Prostaglandin-like Peroxidation Products (PPPs)

Prostaglandin-like compounds derived from free radical-catalyzed peroxidation of arachidonic and docosahexaenoic acid include isoprostanes, isofurans, neuroprostanes, and neurofurans. High brain levels of these compounds have been documented in animal models of global perinatal asphyxia (Calamandrei et al. 2004; Solberg et al. 2017) and in term, asphyxiated infants at the autoptic evaluation (Back et al. 2005).

Among PPPs, F2-isoprostanes have proved to reliably reflect the extent of oxidative processes after hypoxia-ischemia-reperfusion (Sakamoto et al. 2002), and the development of an ultra-performance LC-MS/MS, sensitive to very small amounts of serum, has allowed to investigate their role as lipid peroxidation biomarkers in the context of perinatal asphyxia (Cháfer-Pericás et al. 2015). Higher levels of 8-isoprostane and of total isoprostanes were detected in cord blood samples from acidotic and depressed infants compared to healthy neonates (Chafer-Pericas et al. 2016); in particular, 8-isoprostane positively correlated with the severity of perinatal asphyxia, defined according to cord gas pH, Apgar score, and neurological status at birth. However, the evaluation of serum F2-isoprostanes levels over the first 5 days in HIE infants treated with TH failed to demonstrate different concentrations in relation to the severity of HIE or of brain damage extent at neuroimaging (Negro et al. 2018).

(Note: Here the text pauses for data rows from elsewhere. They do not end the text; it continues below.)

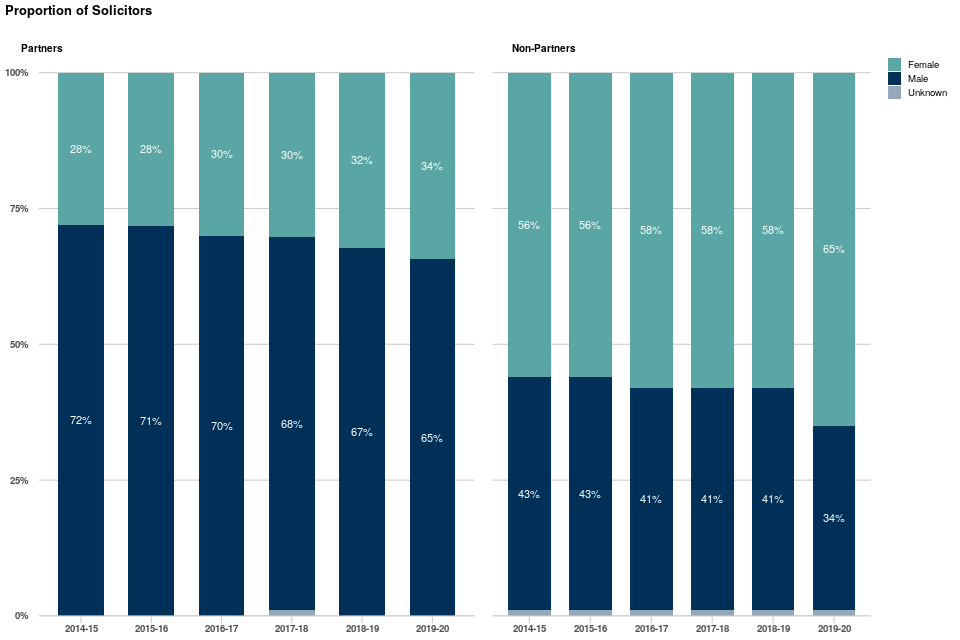 In 2018-19, 32% (3,372) of solicitors registered as partners in criminal legal aid firms. This marked the lowest point in a declining trend from 34% (4,645) in 2014-15. However, there was an improvement in 2019-20, with the proportion of partners rising to 41% (4,162). Among these partners, 34% (1,430) were females, which showed a marked increase from 28% (1,295) in 2014-15, which yielded a consequential steady decline in the proportion of male partners during the same period. Furthermore, in 2019-20, females accounted for approximately two-thirds of all non-partner criminal legal aid firm solicitors.
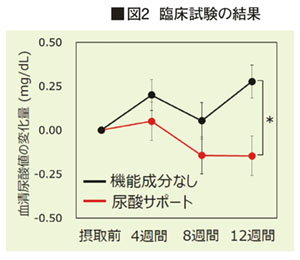 臨床試験では、血清尿酸値が高め(6・0~7・0㎎/dL)の20歳以上60歳未満の男性80人を「尿酸サポート群」と「プラセボ(外見は同じだが成分が入っていない偽物)群」に分けて、それぞれ12週間摂取した後に尿酸値を比較した。有効な被験者78人の解析で尿酸サポート群はプラセボ群に比べて尿酸値の変化量がより低くなっていることが確認された(図2参照)。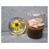 2 Glass Paperweights - Blue & White Bird of Flight - 2 3/4" H, 3" D, Yellow, White & Orange Floral Burst 2 3/4" D, 2 1/4" H |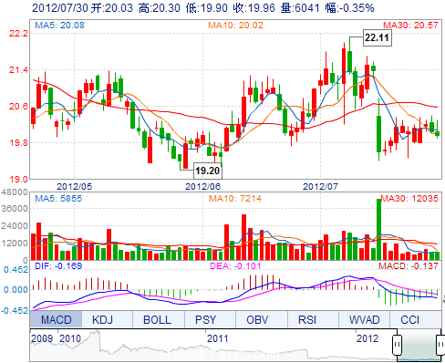 今 开: 20.03 成交量: 6040手 振 幅: 2.00% 最 高: 20.30 成交额: 1212.25万 换手率: 0.50% 最 低: 19.90 总市值: 85.27亿 市净率: 6.01 昨 收: 20.03 流通市...
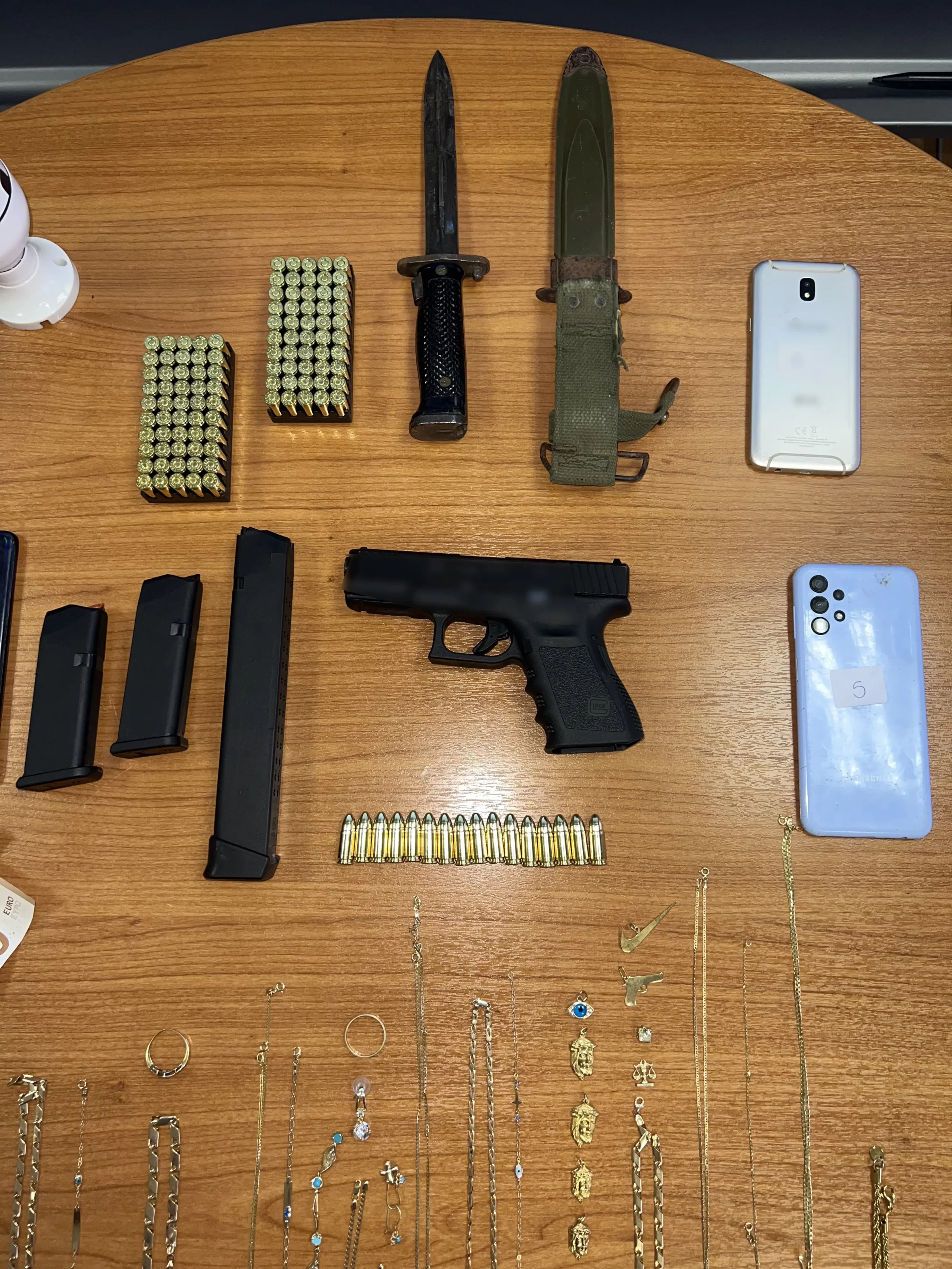 Κατασχέθηκαν πυροβόλο όπλο, -3- γεμιστήρες, ξιφολόγχη στρατιωτικού τύπου, -116- φυσίγγια, -57- κοσμήματα χρυσού χρώματος και -8- κινητά τηλέφωνα

Recently, a urinary panel including multiple PPPs has been tested to estimate oxidative processes during the first 5 days of life in term HIE infants undergoing TH (Cascant-Vilaplana et al. 2021). No difference in the urinary concentration of isoprostanes, isofurans, neurofurans, and neuroprostanes, except of 14(RS)-14-F4t-neuroprostane, was detected over the study period, while significantly different levels of 14(RS)-14-F4t-neuroprostane, total isoprostanes, 15(RS)-15-F2t-isoprostane, and total dihomo-isoprostanes were observed in relation to specific MRI patterns of brain damage.

Given the heterogenic findings of currently available literature, further data are necessary to establish the feasibility of PPPs and, in particular, of F2-isoprostanes, as oxidative biomarkers in neonatal HIE.

Protein Oxidation Markers

The free radical overload generated by hypoxia-ischemia-reperfusion can lead to carbonylation, fragmentation, nitration, cross-linking, and loss of thiol groups in cell proteins. Among the ensuing oxidation products, protein carbonyls (PC) and advanced oxidation protein products (AOPP) have been proposed as possible biomarkers of protein oxidation processes in neonatal diseases, including HIE (Mondal et al. 2010; Perrone et al. 2012).

A rise in PC concentration on cord blood and in serum samples after 48 h from the hypoxic-ischemic insult has been reported in asphyxiated term neonates (Mondal et al. 2010). Although PC levels did not differ significantly in relation to Sarnat staging or developmental outcome at 9 months, HIE infants who developed seizures showed a higher concentration at 48 h compared to those who did not (Mondal et al. 2010).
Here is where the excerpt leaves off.